GIVEN INFORMATION
---

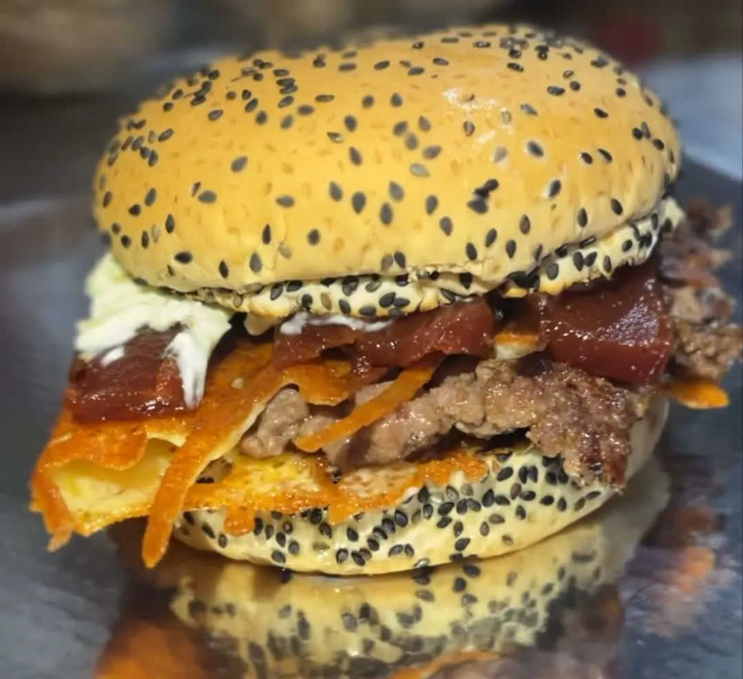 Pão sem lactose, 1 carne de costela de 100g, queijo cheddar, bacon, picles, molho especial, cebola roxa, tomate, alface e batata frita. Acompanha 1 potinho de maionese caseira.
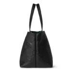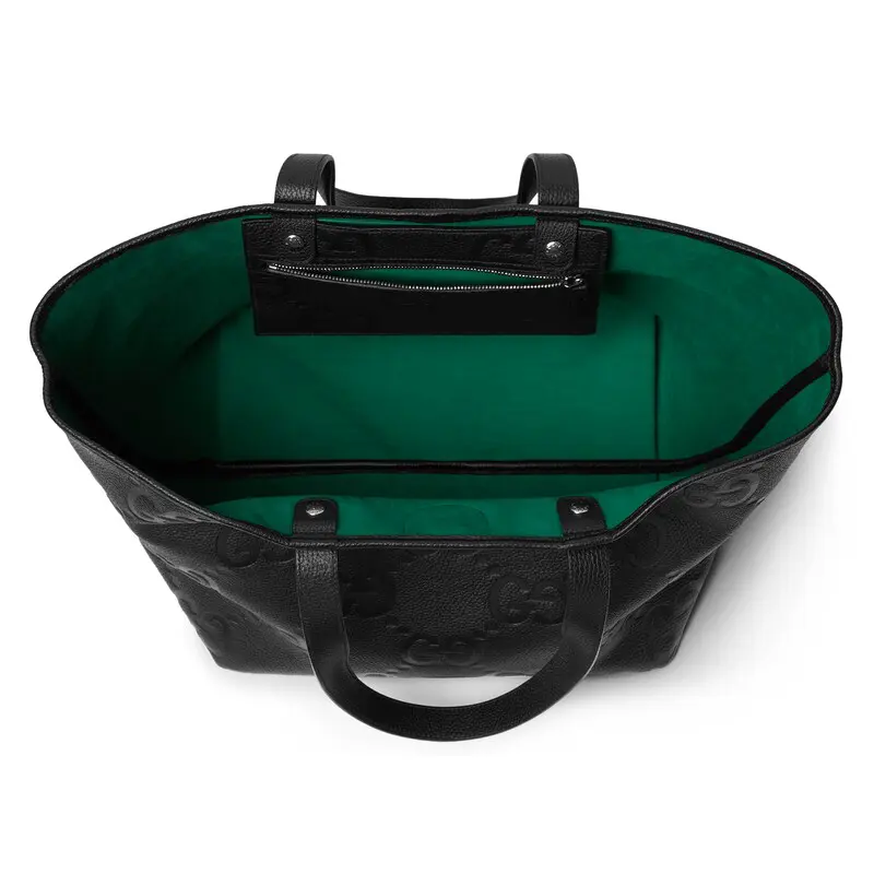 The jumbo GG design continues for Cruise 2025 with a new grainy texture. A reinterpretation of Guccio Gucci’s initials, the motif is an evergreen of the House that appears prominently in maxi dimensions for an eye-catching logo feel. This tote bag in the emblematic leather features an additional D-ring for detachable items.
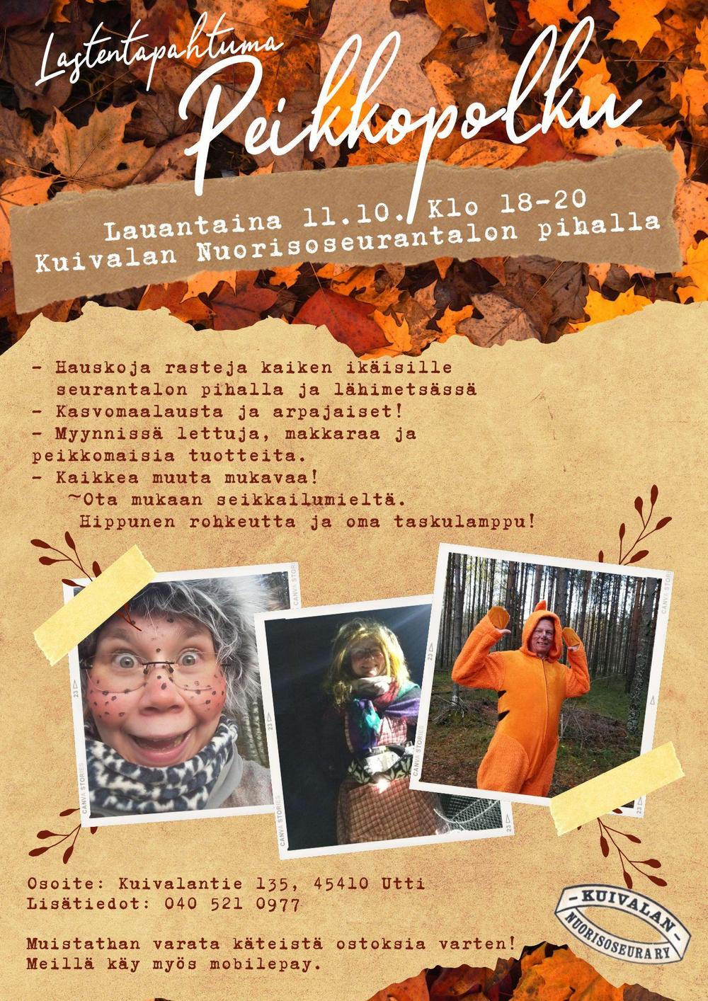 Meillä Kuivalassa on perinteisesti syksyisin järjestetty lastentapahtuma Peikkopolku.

---

TASK GOAL
Return to the listing above and set it down exactly, leaving out its pictures.

OUTPUT OF THE TASK
 Pão sem lactose, 1 carne de costela de 100g, queijo cheddar, bacon, picles, molho especial, cebola roxa, tomate, alface e batata frita. Acompanha 1 potinho de maionese caseira.
 The jumbo GG design continues for Cruise 2025 with a new grainy texture. A reinterpretation of Guccio Gucci’s initials, the motif is an evergreen of the House that appears prominently in maxi dimensions for an eye-catching logo feel. This tote bag in the emblematic leather features an additional D-ring for detachable items.
 Meillä Kuivalassa on perinteisesti syksyisin järjestetty lastentapahtuma Peikkopolku.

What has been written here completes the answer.